Saved data entries:
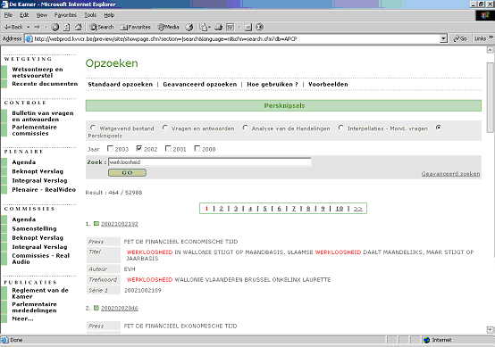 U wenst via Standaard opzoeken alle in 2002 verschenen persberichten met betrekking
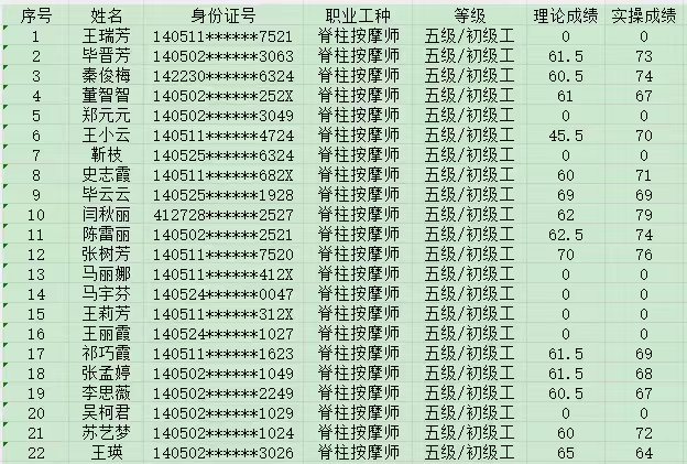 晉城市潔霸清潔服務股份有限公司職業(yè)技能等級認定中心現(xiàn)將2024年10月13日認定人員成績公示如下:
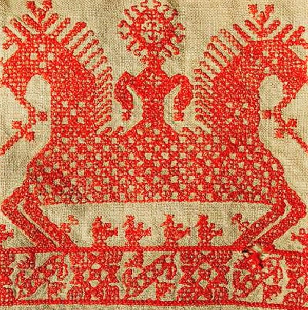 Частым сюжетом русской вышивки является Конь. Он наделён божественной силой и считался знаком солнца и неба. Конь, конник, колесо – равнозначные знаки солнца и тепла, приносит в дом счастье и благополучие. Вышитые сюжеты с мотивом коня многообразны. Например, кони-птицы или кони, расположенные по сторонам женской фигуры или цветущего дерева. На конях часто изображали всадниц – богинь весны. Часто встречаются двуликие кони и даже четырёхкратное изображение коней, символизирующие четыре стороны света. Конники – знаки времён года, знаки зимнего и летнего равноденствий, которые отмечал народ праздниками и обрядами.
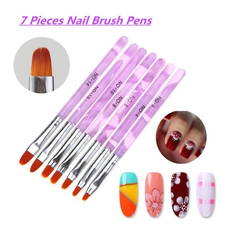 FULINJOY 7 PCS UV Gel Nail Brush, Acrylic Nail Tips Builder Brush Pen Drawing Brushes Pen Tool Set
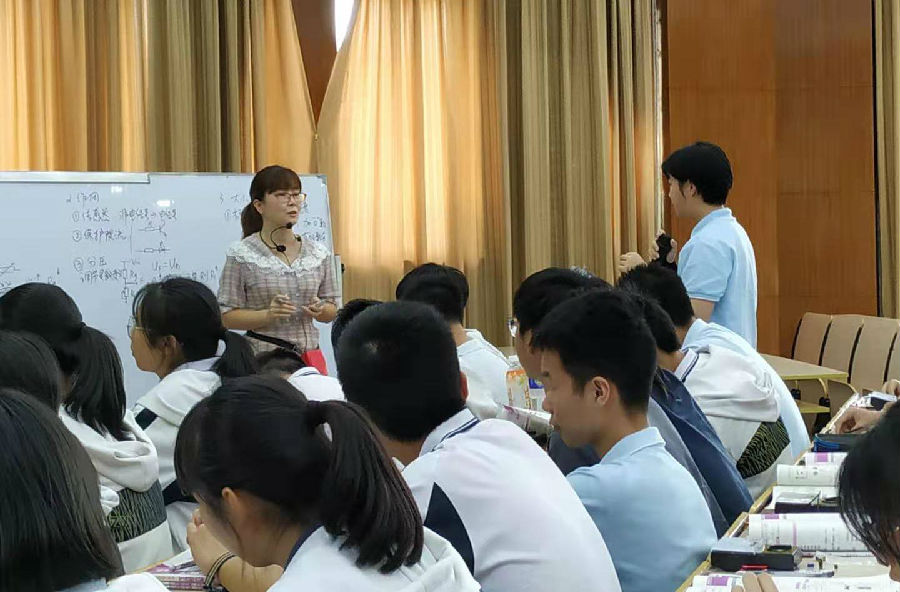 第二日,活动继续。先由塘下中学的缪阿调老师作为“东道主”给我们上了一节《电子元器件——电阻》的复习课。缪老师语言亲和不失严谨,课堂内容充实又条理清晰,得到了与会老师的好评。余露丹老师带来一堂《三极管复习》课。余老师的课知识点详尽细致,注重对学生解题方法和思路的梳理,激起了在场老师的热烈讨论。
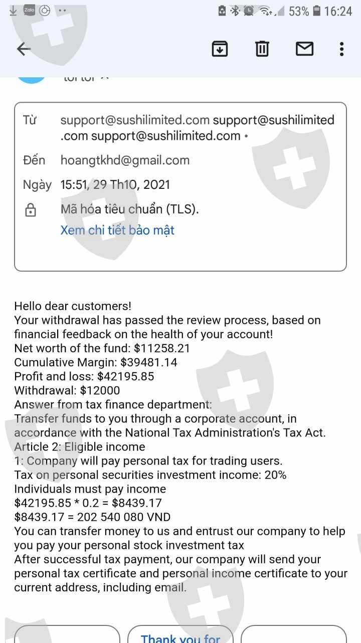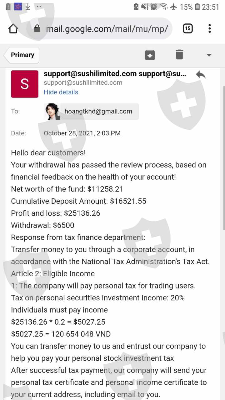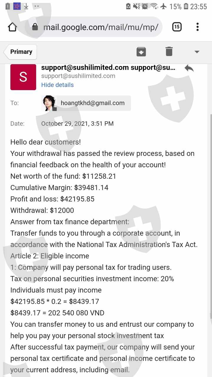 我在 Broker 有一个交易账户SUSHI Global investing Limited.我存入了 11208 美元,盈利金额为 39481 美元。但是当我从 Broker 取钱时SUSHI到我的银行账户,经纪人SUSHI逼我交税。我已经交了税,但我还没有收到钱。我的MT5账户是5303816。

Problem requirements: Go through the entries and retype each one exactly, skipping any image.

Written solution:
 U wenst via Standaard opzoeken alle in 2002 verschenen persberichten met betrekking
 晉城市潔霸清潔服務股份有限公司職業(yè)技能等級認定中心現(xiàn)將2024年10月13日認定人員成績公示如下:
 Частым сюжетом русской вышивки является Конь. Он наделён божественной силой и считался знаком солнца и неба. Конь, конник, колесо – равнозначные знаки солнца и тепла, приносит в дом счастье и благополучие. Вышитые сюжеты с мотивом коня многообразны. Например, кони-птицы или кони, расположенные по сторонам женской фигуры или цветущего дерева. На конях часто изображали всадниц – богинь весны. Часто встречаются двуликие кони и даже четырёхкратное изображение коней, символизирующие четыре стороны света. Конники – знаки времён года, знаки зимнего и летнего равноденствий, которые отмечал народ праздниками и обрядами.
 FULINJOY 7 PCS UV Gel Nail Brush, Acrylic Nail Tips Builder Brush Pen Drawing Brushes Pen Tool Set
 第二日,活动继续。先由塘下中学的缪阿调老师作为“东道主”给我们上了一节《电子元器件——电阻》的复习课。缪老师语言亲和不失严谨,课堂内容充实又条理清晰,得到了与会老师的好评。余露丹老师带来一堂《三极管复习》课。余老师的课知识点详尽细致,注重对学生解题方法和思路的梳理,激起了在场老师的热烈讨论。
 我在 Broker 有一个交易账户SUSHI Global investing Limited.我存入了 11208 美元,盈利金额为 39481 美元。但是当我从 Broker 取钱时SUSHI到我的银行账户,经纪人SUSHI逼我交税。我已经交了税,但我还没有收到钱。我的MT5账户是5303816。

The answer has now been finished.